This is a simulated dataset of the SDA6 study according to informations given in Jurich and Bradshaw (2014).

Usage

data(data.sda6)

Arguments

Format

The datasets contains 17 items observed at 1710 students. The format is: List of 2 $ data : num [1:1710, 1:17] 0 1 0 1 0 0 0 0 1 0 ... ..- attr(*, "dimnames")=List of 2 .. ..$ : NULL .. ..$ : chr [1:17] "MCM01" "MCM03" "MCM13" "MCM17" ... $ q.matrix:'data.frame': ..$ CM: int [1:17] 1 1 1 1 0 0 0 0 0 0 ... ..$ II: int [1:17] 0 0 0 0 1 1 1 1 0 0 ... ..$ PP: int [1:17] 0 0 0 0 0 0 0 0 1 1 ... ..$ DG: int [1:17] 0 0 0 0 0 0 0 0 0 0 ... The meaning of the skills is CM -- Critique Methods II -- Identify Improvements PP -- Protect Participants DG -- Discern Generalizability

Source

Simulated data

References

Jurich, D. P., & Bradshaw, L. P. (2014).
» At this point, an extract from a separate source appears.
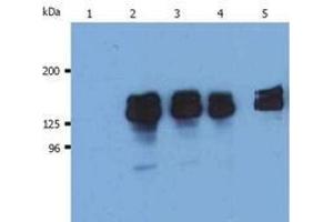 The antibody SHIP-02 reacts with SHIP-1, a phosphoinositide phosphatase largely confined to hematopoietic cells. Multiple forms of SHIP-1 have been reported with molecular weights of 110, 125, 130, 135 and 145 kDa.

An illustration of diagnostic classification modeling in student learning outcomes assessment. International Journal of Testing, 14, 49-72.

Examples

Run this code
## Not run: 	
# data(data.sda6)
# data <- data.sda6$data
# q.matrix <- data.sda6$q.matrix
# 
# #*** Model 1a: LCDM with gdina
# mod1a <- CDM::gdina( data , q.matrix , rule="ACDM" , linkfct="logit" ,
#                   reduced.skillspace=FALSE )  
# summary(mod1a)
# 
# #*** Model 1b: estimate LCDM with gdm
# mod1b <- CDM::gdm( data , q.matrix=q.matrix , theta.k=c(0,1) )  
# summary(mod1b)
# 
# #*** Model 2: LCDM with hierarchy II > CM
# B <- "II > CM"
# ss2 <- CDM::skillspace.hierarchy(B=B , skill.names= colnames(q.matrix ) )
# mod2 <- CDM::gdina( data , q.matrix , rule="ACDM" , linkfct="logit" ,
#                 skillclasses = ss2$skillspace.reduced ,
#                 reduced.skillspace=FALSE )                        
# summary(mod2)
# 
# #*** Model 3: LCDM with hierarchy II > CM and DG > CM
# B <- "II > CM
#       DG > CM"
# ss2 <- CDM::skillspace.hierarchy(B=B , skill.names= colnames(q.matrix ) )
# mod3 <- CDM::gdina( data , q.matrix , rule="ACDM" , linkfct="logit" ,
#                skillclasses = ss2$skillspace.reduced ,
#                reduced.skillspace=FALSE )                        
# summary(mod3)
# 
# # model comparisons
# anova(mod1a,mod2)
# anova(mod1a,mod3)
# # model fit
# summary( CDM::modelfit.cor.din(mod1a))
# summary( CDM::modelfit.cor.din(mod2) )
# summary( CDM::modelfit.cor.din(mod3) )
# ## End(Not run)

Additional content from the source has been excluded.